Below this line are records; write out exactly the lines from the one containing "The Hôtel de la Marine constitutes" through the one containing "This area leads", with the pictures left out.

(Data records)
Content starts

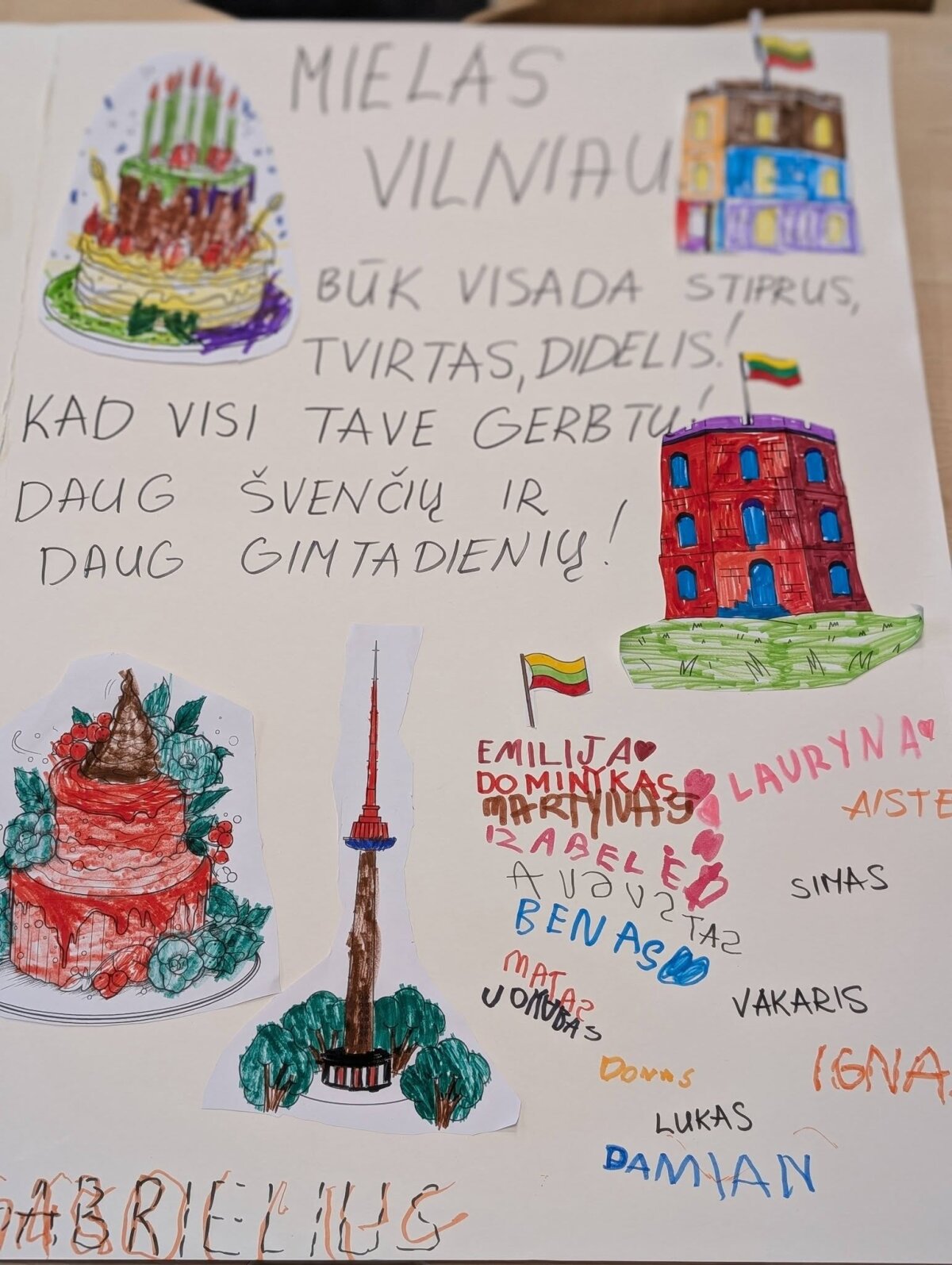 „Gudručių“ grupės vaikai kūrė savo Vilniaus miestą – aplikavo raides, jas iškirpo ir sudėliojo žodžius „Vilnius“ ir „gimtadienis“. Tai buvo ne tik kūrybiška, bet ir prasminga veikla, padėjusi vaikams pažinti raides bei žodžių sandarą.
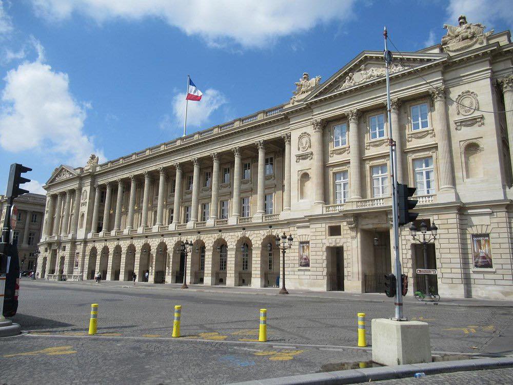 The Hôtel de la Marine constitutes the eastern edifice of a complex of two twin buildings framing Rue Royale. Its counterpart, originally intended to become the Hôtel des Monnaies is composed of four hotels: at No. 4, the Hôtel de Coislin, at No. 6, the Hôtel du Plessis-Bellière, at No. 8, the Hôtel Cartier, and at No. 10, the Hôtel de Crillon (see post). The complex currently houses the palace hotel known as the Hôtel de Crillon, the Automobile Club de France, and the Académie de Marine. The construction of the building behind Ange-Jacques Gabriel’s facades lasted from 1757 to 1774.The Hôtel de la Marine , originally Hôtel du Garde-Meuble de la Couronne is located at 2 place de la Concorde. The Garde-Meuble de la Couronne was the administration in charge of the King’s furniture.
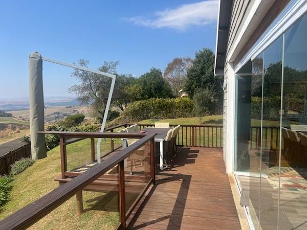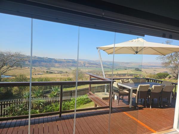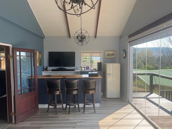 This area leads into a cosy bar area with glass stack doors opening onto a wooden deck from which the views of the valley and mountains are spectacular.
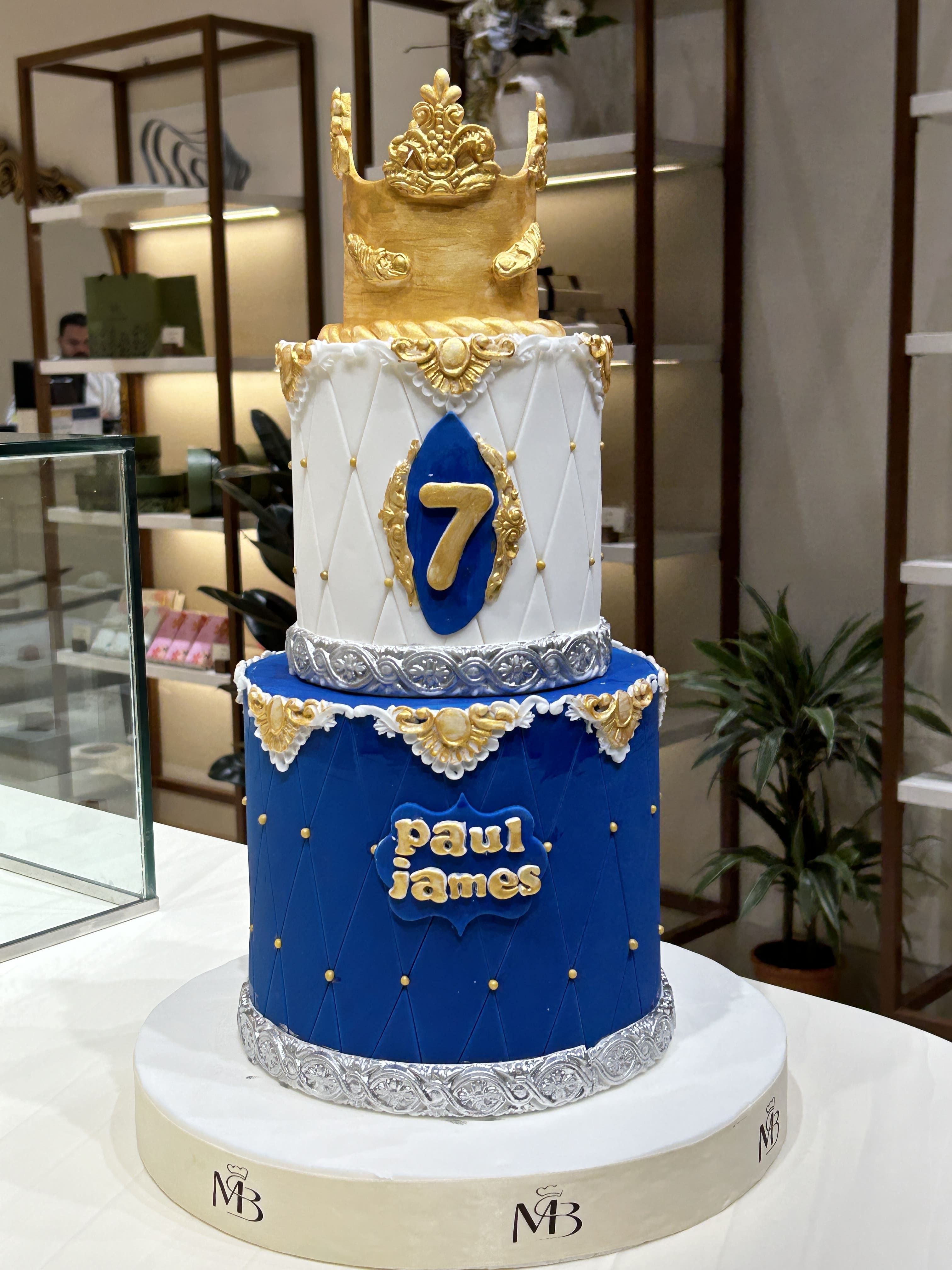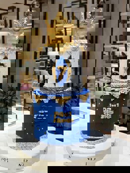 ترجمها: كيكة ملكية بتصميم فاخر من طبقتين، تجمع بين اللون الأزرق الملكي والأبيض الماسي، مزينة بتفاصيل ذهبية وفضية أنيقة، ويتوجها تاج ذهبي فاخر. مثالية لأعياد الميلاد أو المناسبات ذات الطابع الملكي
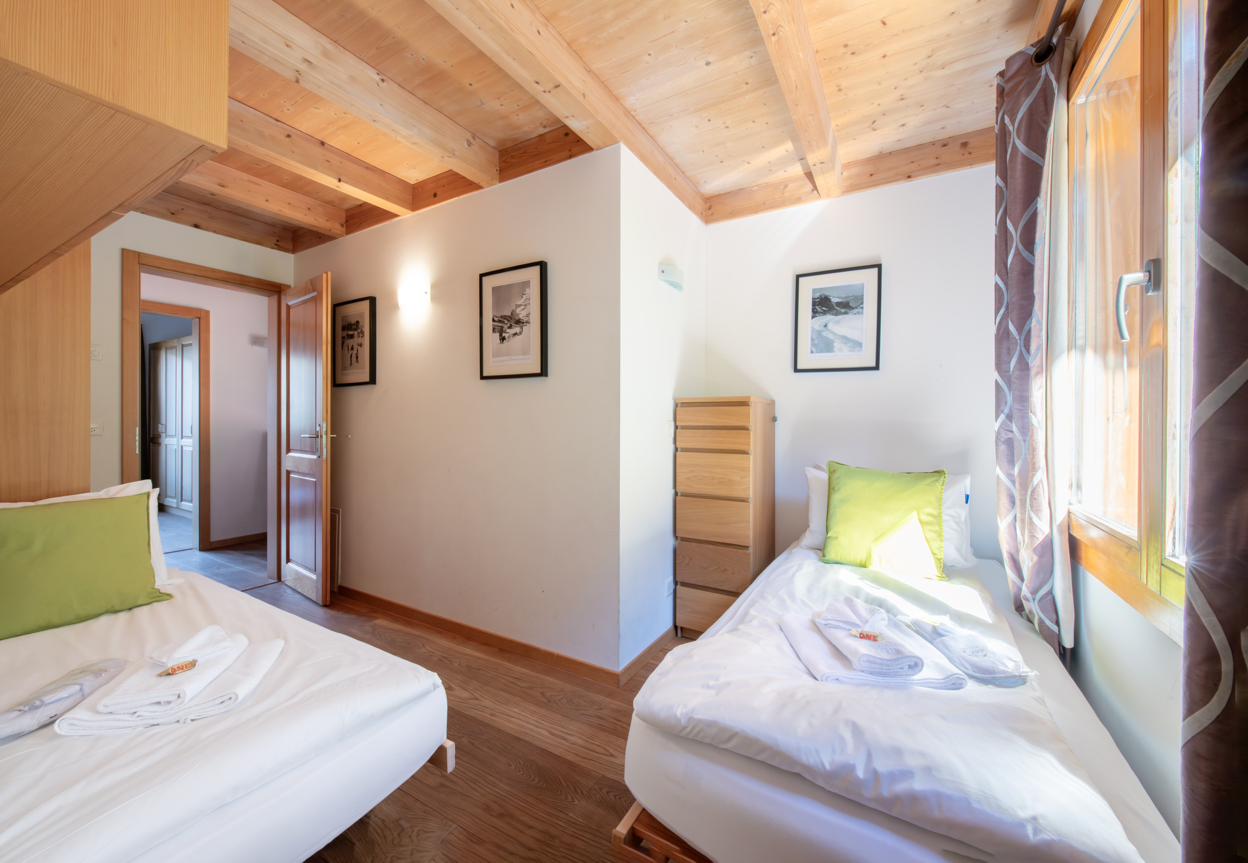 Le premier étage comprend deux chambres à coucher. La principale avec un lit double (180x200 cm), un impressionnant plafond à double hauteur et une salle de bain attenante avec baignoire et la secondaire avec deux lits simples (chacun 90x200cm) et une salle de douche attenante. Au dernier niveau du chalet se trouve une galerie avec deux autres lits simples (chacun 90x200 cm), à laquelle on accède par une échelle en bois.

Content ends

**TASK RESULT**
 The Hôtel de la Marine constitutes the eastern edifice of a complex of two twin buildings framing Rue Royale. Its counterpart, originally intended to become the Hôtel des Monnaies is composed of four hotels: at No. 4, the Hôtel de Coislin, at No. 6, the Hôtel du Plessis-Bellière, at No. 8, the Hôtel Cartier, and at No. 10, the Hôtel de Crillon (see post). The complex currently houses the palace hotel known as the Hôtel de Crillon, the Automobile Club de France, and the Académie de Marine. The construction of the building behind Ange-Jacques Gabriel’s facades lasted from 1757 to 1774.The Hôtel de la Marine , originally Hôtel du Garde-Meuble de la Couronne is located at 2 place de la Concorde. The Garde-Meuble de la Couronne was the administration in charge of the King’s furniture.
 This area leads into a cosy bar area with glass stack doors opening onto a wooden deck from which the views of the valley and mountains are spectacular.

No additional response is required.